Indian American chemical engineer

Venkat Venkatasubramanian is the Samuel Ruben-Peter G. Viele Professor of Engineering in the Department of Chemical Engineering at Columbia University. He is also an affiliated professor in the departments of Computer Science and Industrial Engineering and Operations Research at Columbia University.

== Academic career ==
After completing his postdoctoral research with Geoffrey Hinton in the Department of Computer Science at Carnegie Mellon University in 1983–1984, Venkatasubramanian joined the faculty at Purdue University. Over his two-decade tenure at Purdue, he became the Reilly Professor of Chemical Engineering in 2011. He later joined Columbia University, where he directs the Complex Resilient Intelligent Systems Laboratory. He is also the founding co-director of the Center for the Management of Systemic Risk (CMSR), an interdisciplinary initiative involving faculty from multiple departments at Columbia.

In 2019, Venkatasubramanian was awarded the Ngee Ann Kongsi Distinguished Visiting Professorship at the National University of Singapore.

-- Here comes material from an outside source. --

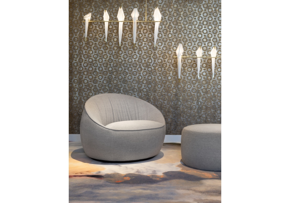 Hana designed by Simone Bonanni for Moooi is a circular upholstered armchair metal frame, available in fixed or swivel version. Covering in fabric or leather.

== Research and teaching ==
Venkatasubramanian specializes in complex dynamical systems, focusing on the mathematical modeling of structure, function, and behavior in various domains. His research interests span artificial intelligence (AI), systems engineering, theoretical physics, and economics, with a particular emphasis on understanding complexity and emergent behavior.

==Bibliography ==
Selected bibliography
- Advanced Knowledge Representation
- Venkatasubramanian, Venkataraman (2019). "How much inequality is fair? Mathematical principles of a moral, optimal, and stable capitalist society"
- Computer Aided Molecular Design: Theory and Practice. Elsevier Science, ISBN 978-0-444-54543-5

== Awards and recognition==
- 2004–2005 Teaching for Tomorrow Fellowship Award at Purdue University.
- The Computing in Chemical Engineering Award from the American Institute of Chemical Engineers (AIChE) in 2009.
- Fellow recognition by American Institute of Chemical Engineers in 2011.
- The Research Excellence Award from Purdue University's College of Engineering in 2011.
- The inaugural Distinguished Alumni Award from Alagappa College of Technology in 2019.
- The William H. Walker Award from AIChE in 2024 for his contributions to hybrid AI modeling frameworks.
- Member, National Academy of Engineering, 2025.